1. Definition

Gradient descent (Grad Des) is a first-order (by 1st derivitive) algorithm to find local minimum.

Goal: Grad Des, which takes zig-zag steps, can help machine learning algorithem to find when the prediction model (your hyperthesis function) will be of lowest error (Costs).

2. Math procedure of Gradient Descent:

e.g.: Find a local minimum of function: \[f(x)=x^4−3x^3+2\], with derivative \[f'(x)=4x^3−9x^2\]

x_old = 0
x_new = 6         # The algorithm starts at x=6
alpha = 0.01      # learning rate (step size)

x_set<-c()   # to store coordinates of each steps
y_set<-c()

precision = 0.00001    

# Original function
f <- function(x){
  x^4 - 3*x^3 - x^2
}

f_derivative<-function(x){
  4*x^3 - 9*x^2 - 2*x
}
    
while (abs(f(x_new) - f(x_old)) > precision) {
    
    x_set <- c(x_set, x_old)
    y_set <- c(y_set, f(x_old))
 
    x_old = x_new
    x_new = x_old - alpha * f_derivative(x_old)
}

x_new
## [1] 2.452928

or if you are using python, try:

x_old = 0
x_new = 6                # Start point
gamma = 0.01             # Step size
precision = 0.00001

def f(x):
  return x**4 - 3*x*3 - x**2

def f_derivative(x):
    return 4 * x**3 - 9 * x**2

while abs(f(x_new) - f(x_old)) > precision:
    x_old = x_new
    x_new = x_old - gamma * f_derivative(x_old)

print("Local minimum occurs at", x_new)
## ('Local minimum occurs at', 2.249998811801337)

Process by plot:

curve(expr = f, from = -1, to = 4, col = "#5bf4fe")

for (i in 0:20) {
   points(x_set[5*i+1], y_set[5*i+1], col="black")
   arrows(x_set[5*i+1], y_set[5*i+1], x_set[5*i+6], y_set[5*i+6], 
          length = 0.2,code=2)
}

3. Gradient Descent for Linear Regression with 1 variable

house_data <- read.csv("housingPrice.csv", sep=',', head=T)
plot(house_data$area, house_data$price/1000, xlab = "Area (squre feet)", ylab = "Price ($1000)")

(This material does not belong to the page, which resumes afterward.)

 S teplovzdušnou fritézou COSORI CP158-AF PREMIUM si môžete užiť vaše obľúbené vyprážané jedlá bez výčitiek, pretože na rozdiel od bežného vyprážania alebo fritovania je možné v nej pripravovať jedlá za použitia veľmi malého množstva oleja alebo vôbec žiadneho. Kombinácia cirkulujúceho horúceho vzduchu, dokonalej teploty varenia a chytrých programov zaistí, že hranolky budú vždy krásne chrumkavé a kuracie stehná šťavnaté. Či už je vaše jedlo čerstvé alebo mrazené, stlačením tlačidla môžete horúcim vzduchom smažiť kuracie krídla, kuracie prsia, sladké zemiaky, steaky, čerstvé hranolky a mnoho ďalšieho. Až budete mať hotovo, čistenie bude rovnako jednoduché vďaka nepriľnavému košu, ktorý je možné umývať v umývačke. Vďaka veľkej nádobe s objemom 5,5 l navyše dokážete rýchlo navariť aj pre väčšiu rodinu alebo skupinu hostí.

* If you have a house with 2045 sq. feet, you want to know the corresponding market price, then just create a model (linear regression line).

\[ h(x) = \theta x \]
\(h(x)\) - hypothesis function, the predictive price
\(x\) - area of house
\(\theta\) - slope of regression line

So \(\theta\) will be the parameter we want to work out from existing data. One way to to make whole error at lowest level is to use Gradient Descent.

or in R, defined as:

J <- function(theta, x, y){
  1/(2*length(x)) * sum((theta * x - y)^2) 
}

which has derivitive: \[J'(\theta) = 1/m * \sum_{i=1}^m [x(i) * (\theta x(i) - y(i))] \]

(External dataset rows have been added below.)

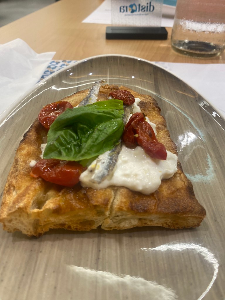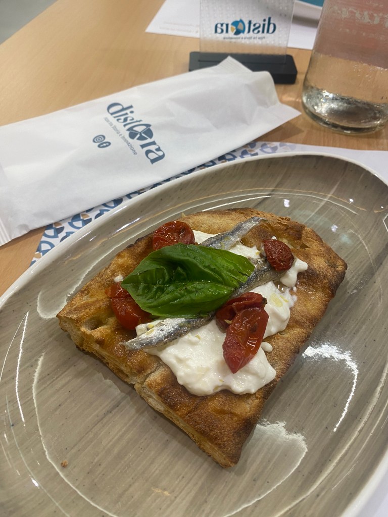 Come un amuse-bouche la Pala con Burrata e alici. Un vol-au-vent di cremosità e umami, arricchito dalla dolcezza del confit e dalla freschezza della zest di limone. La base cruncha con educazione, ma conserva un cuore tenero e strutturato che interpreta la pianezza di un topping stechiometrico. Pervaso.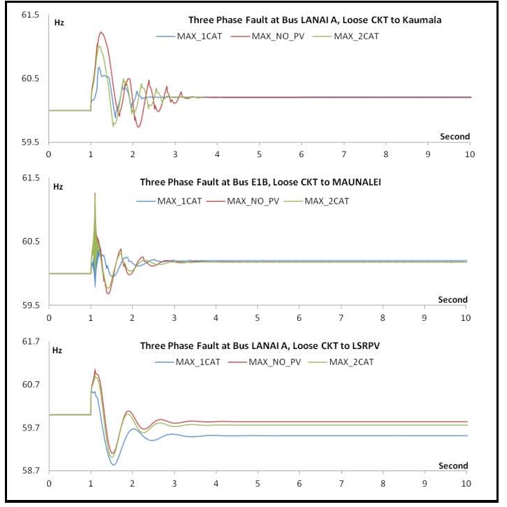 The frequency response comparisons for the different faults and generation dispatches at the day peak condition are shown in Figure 1. Although, there are some frequency fluctuations, these are within acceptable ranges. The system voltages (not shown) were likewise within acceptable ranges. Hence, the system can operate stably with the PV in service.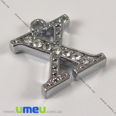 [Архив] Подвеска металлическая Буква со стразами X, Серебро, 15х12 мм (POD-001223) / 1 шт
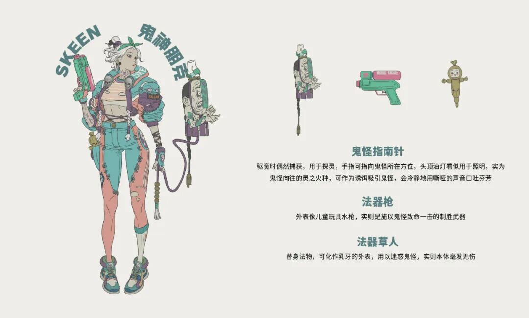 ZeenChin:这次合作的角色名字叫做乳牙,当时就是想起个有童真感觉的名字,角色设定是保有纯真的驱魔师,所以武器玩具枪,还带着一个用来做法的可爱人偶。服装的材质设定是鬼怪的皮肤,其实最初是想用人皮的(有机会再和大家分享为什么会想用人皮,因为这个故事有点长~)

J_dev <- function(theta, x, y){
  1/length(x) * sum((theta * x - y)*x) 
}
theta_old = 0
theta_new = 6        
alpha = 0.0000001      # learning rate (step size)
x <- house_data$area
y <- house_data$price/1000

theta_set<-c()   # to store coordinates of each steps
J_set <- c()     # to store cost changes when theta changes

while (abs(theta_new - theta_old) > precision) {
    
   theta_set <- c(theta_set, theta_old)
   J_set <- c(J_set, J(theta_old,x,y))
 
    theta_old = theta_new
    theta_new = theta_old - alpha * J_dev(theta_old, x, y)
}

theta_new  
## [1] 0.1653902
# Regression line:
plot(house_data$area, house_data$price/1000, xlab = "Area (squre feet)", ylab = "Price ($1000)")
abline(a = 0, b = theta_new, col = "red")

par(mfrow=c(2,2))
plot(x=theta_set, y=J_set, ylab = "Cost J", xlab = "Theta", main = "Cost Function")
for (i in 2:7) {
   arrows(theta_set[i], J_set[i], theta_set[i+1], J_set[i+1], 
          length = 0.2,code=2)
}

plot(house_data$area, house_data$price/1000, xlab = "Area (squre feet)", ylab = "Price ($1000)", main = "6th step")
abline(a = 0, b = theta_set[6], col = "red")

plot(house_data$area, house_data$price/1000, xlab = "Area (squre feet)", ylab = "Price ($1000)", main = "11th step")
abline(a = 0, b = theta_set[11], col = "red")
plot(house_data$area, house_data$price/1000, xlab = "Area (squre feet)", ylab = "Price ($1000)", main = "17th step")
abline(a = 0, b = theta_set[17], col = "red")

Notes: * If your cost increases during iteration, you may try to reduce learning rate! If step’s too big, you will never reach minimum.